(DATASET EXCERPT begins)

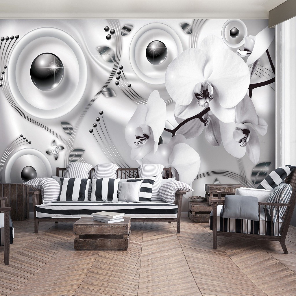 Флізелінові фотошпалери чорно-білі квіти 416x254 см Орхідеї та перли (3012VEXXXL)+клей
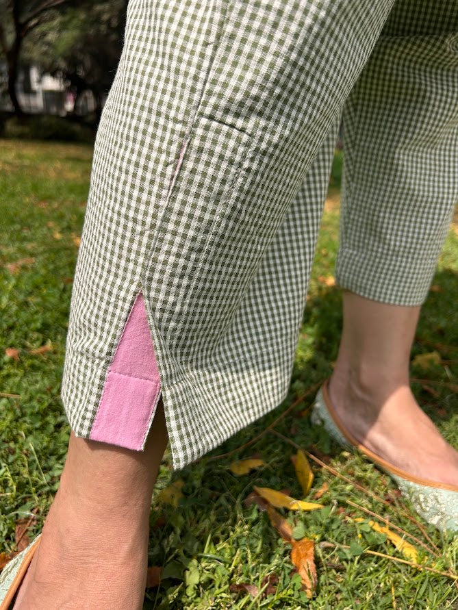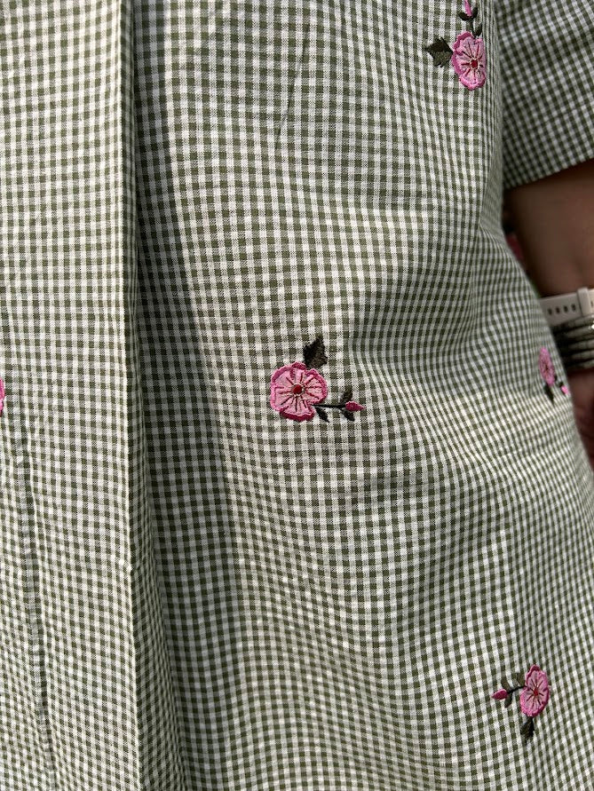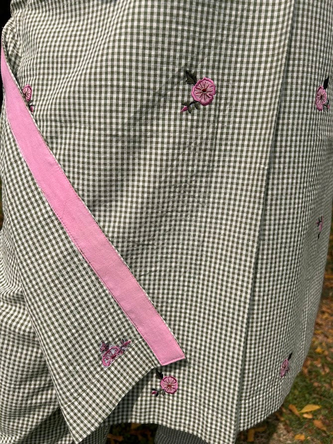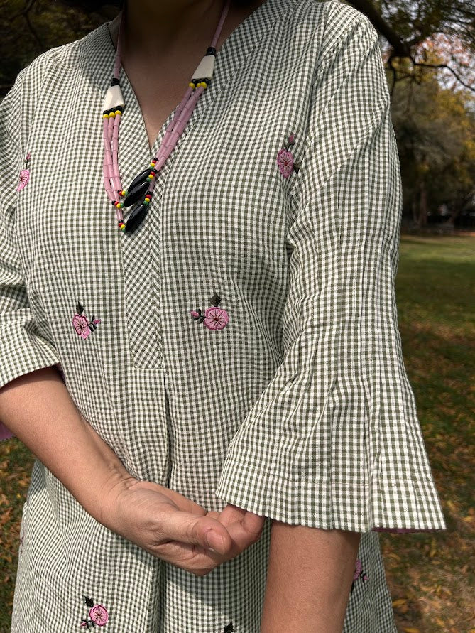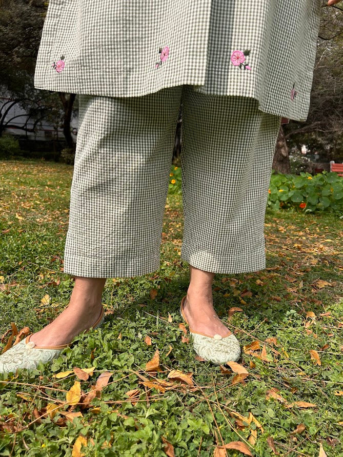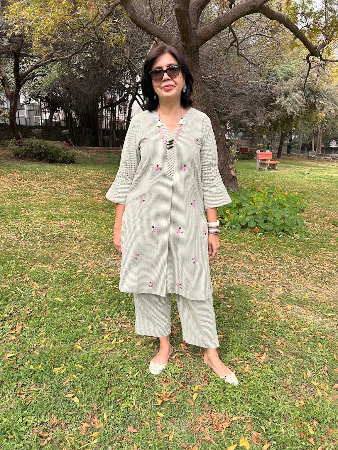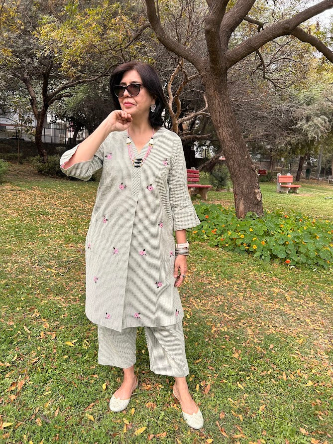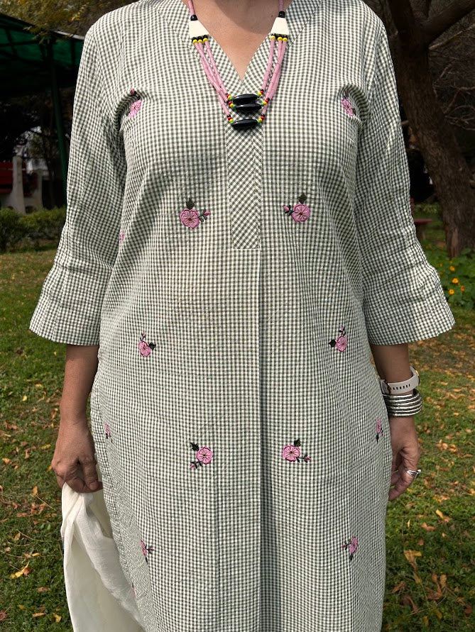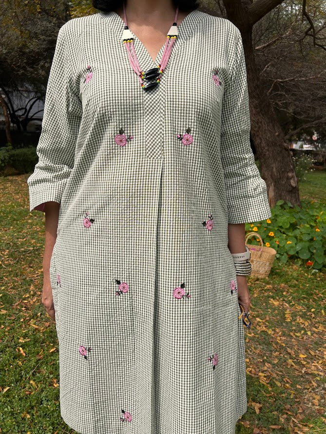A pure cotton micro checks kurta with roses applique embroidery is paired up with pants with pocket is a stylish, easy wear for summer .
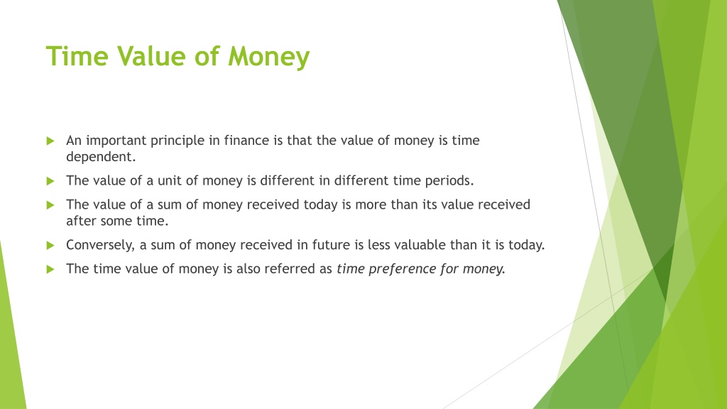Time Value of Money An important principle in finance is that the value of money is time dependent. The value of a unit of money is different in different time periods. The value of a sum of money received today is more than its value received after some time. Conversely, a sum of money received in future is less valuable than it is today. The time value of money is also referred as time preference for money.

(DATASET EXCERPT ends)

:: AIM OF THE TASK ::
Copy out all the data exactly, skipping the pictures.

:: ANSWER ::
 Флізелінові фотошпалери чорно-білі квіти 416x254 см Орхідеї та перли (3012VEXXXL)+клей
A pure cotton micro checks kurta with roses applique embroidery is paired up with pants with pocket is a stylish, easy wear for summer .
Time Value of Money An important principle in finance is that the value of money is time dependent. The value of a unit of money is different in different time periods. The value of a sum of money received today is more than its value received after some time. Conversely, a sum of money received in future is less valuable than it is today. The time value of money is also referred as time preference for money.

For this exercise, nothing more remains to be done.